## [INSTRUCTIONS TO FOLLOW]
Give back the exact lines of the material below from the one containing "4月 | 二見西コミュニティー推進協議会役員総会" through the one containing "Бежевая сумка Fendi", and no pictures.

## [PROVIDED INFORMATION]
* * * * *
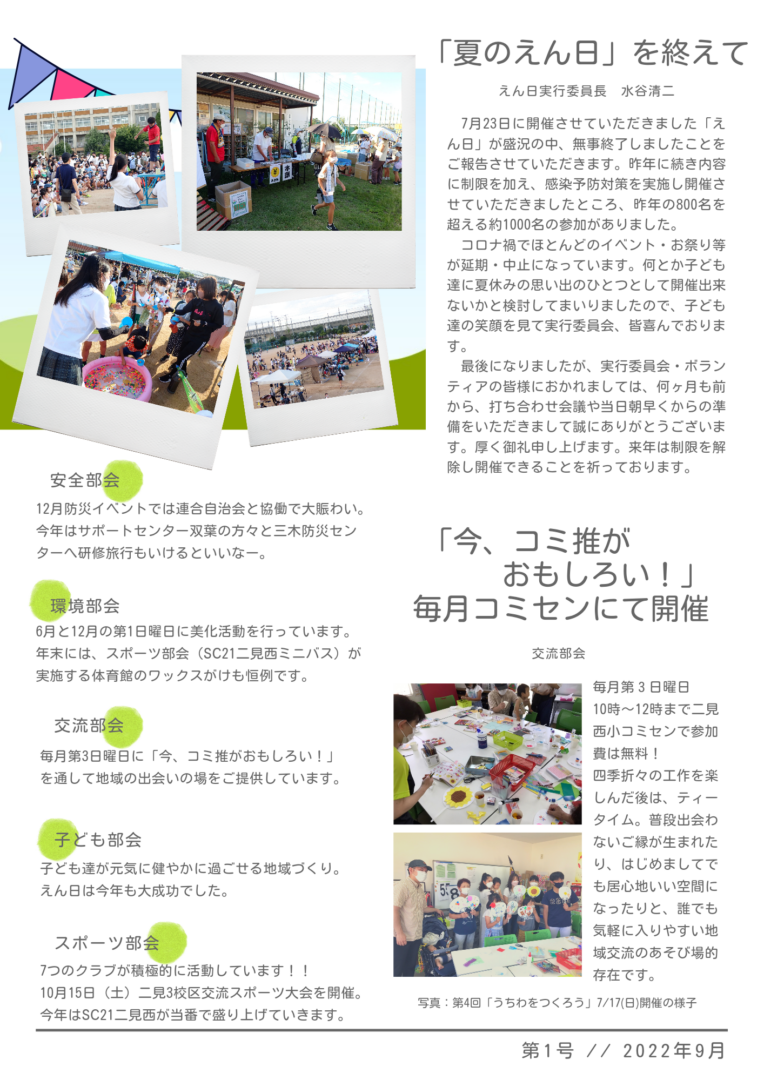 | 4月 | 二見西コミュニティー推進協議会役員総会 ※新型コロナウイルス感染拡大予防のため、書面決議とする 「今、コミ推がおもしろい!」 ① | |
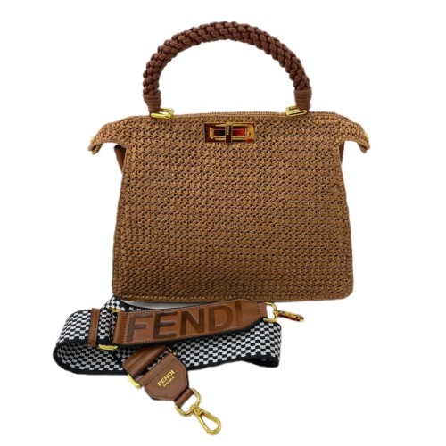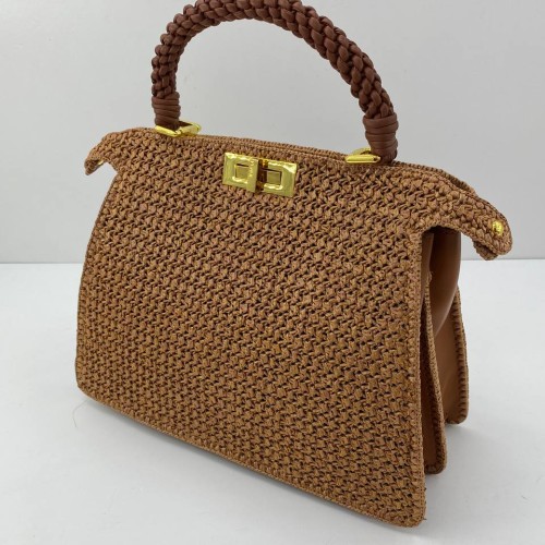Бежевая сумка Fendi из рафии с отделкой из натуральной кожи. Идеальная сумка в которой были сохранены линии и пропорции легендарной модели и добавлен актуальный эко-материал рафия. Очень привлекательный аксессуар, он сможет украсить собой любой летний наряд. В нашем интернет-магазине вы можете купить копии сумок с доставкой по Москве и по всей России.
* * * * *
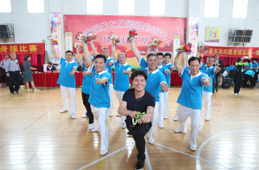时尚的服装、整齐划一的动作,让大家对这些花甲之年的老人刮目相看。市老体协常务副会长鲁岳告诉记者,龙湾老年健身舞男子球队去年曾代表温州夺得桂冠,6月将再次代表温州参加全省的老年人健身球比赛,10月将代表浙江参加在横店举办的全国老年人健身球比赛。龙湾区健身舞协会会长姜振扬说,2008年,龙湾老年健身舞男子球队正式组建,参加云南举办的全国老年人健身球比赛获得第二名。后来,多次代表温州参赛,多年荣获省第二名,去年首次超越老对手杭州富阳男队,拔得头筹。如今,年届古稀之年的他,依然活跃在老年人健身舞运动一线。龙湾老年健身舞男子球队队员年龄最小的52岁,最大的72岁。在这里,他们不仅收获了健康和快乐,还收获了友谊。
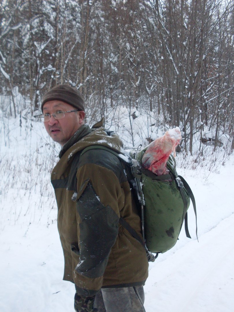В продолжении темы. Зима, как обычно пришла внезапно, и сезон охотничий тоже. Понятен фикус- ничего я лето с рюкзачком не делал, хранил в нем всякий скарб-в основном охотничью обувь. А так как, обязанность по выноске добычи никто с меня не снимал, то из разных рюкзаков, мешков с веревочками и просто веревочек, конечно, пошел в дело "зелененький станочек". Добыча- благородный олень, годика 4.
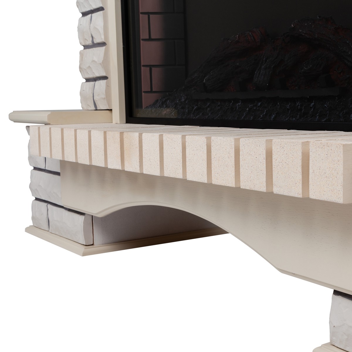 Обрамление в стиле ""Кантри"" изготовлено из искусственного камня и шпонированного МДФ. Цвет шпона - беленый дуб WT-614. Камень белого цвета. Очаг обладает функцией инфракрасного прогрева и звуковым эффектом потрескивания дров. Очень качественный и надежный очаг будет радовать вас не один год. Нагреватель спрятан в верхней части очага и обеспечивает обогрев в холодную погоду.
* * * * *
## [RESPONSE TO THE TASK]
 | 4月 | 二見西コミュニティー推進協議会役員総会 ※新型コロナウイルス感染拡大予防のため、書面決議とする 「今、コミ推がおもしろい!」 ① | |
Бежевая сумка Fendi из рафии с отделкой из натуральной кожи. Идеальная сумка в которой были сохранены линии и пропорции легендарной модели и добавлен актуальный эко-материал рафия. Очень привлекательный аксессуар, он сможет украсить собой любой летний наряд. В нашем интернет-магазине вы можете купить копии сумок с доставкой по Москве и по всей России.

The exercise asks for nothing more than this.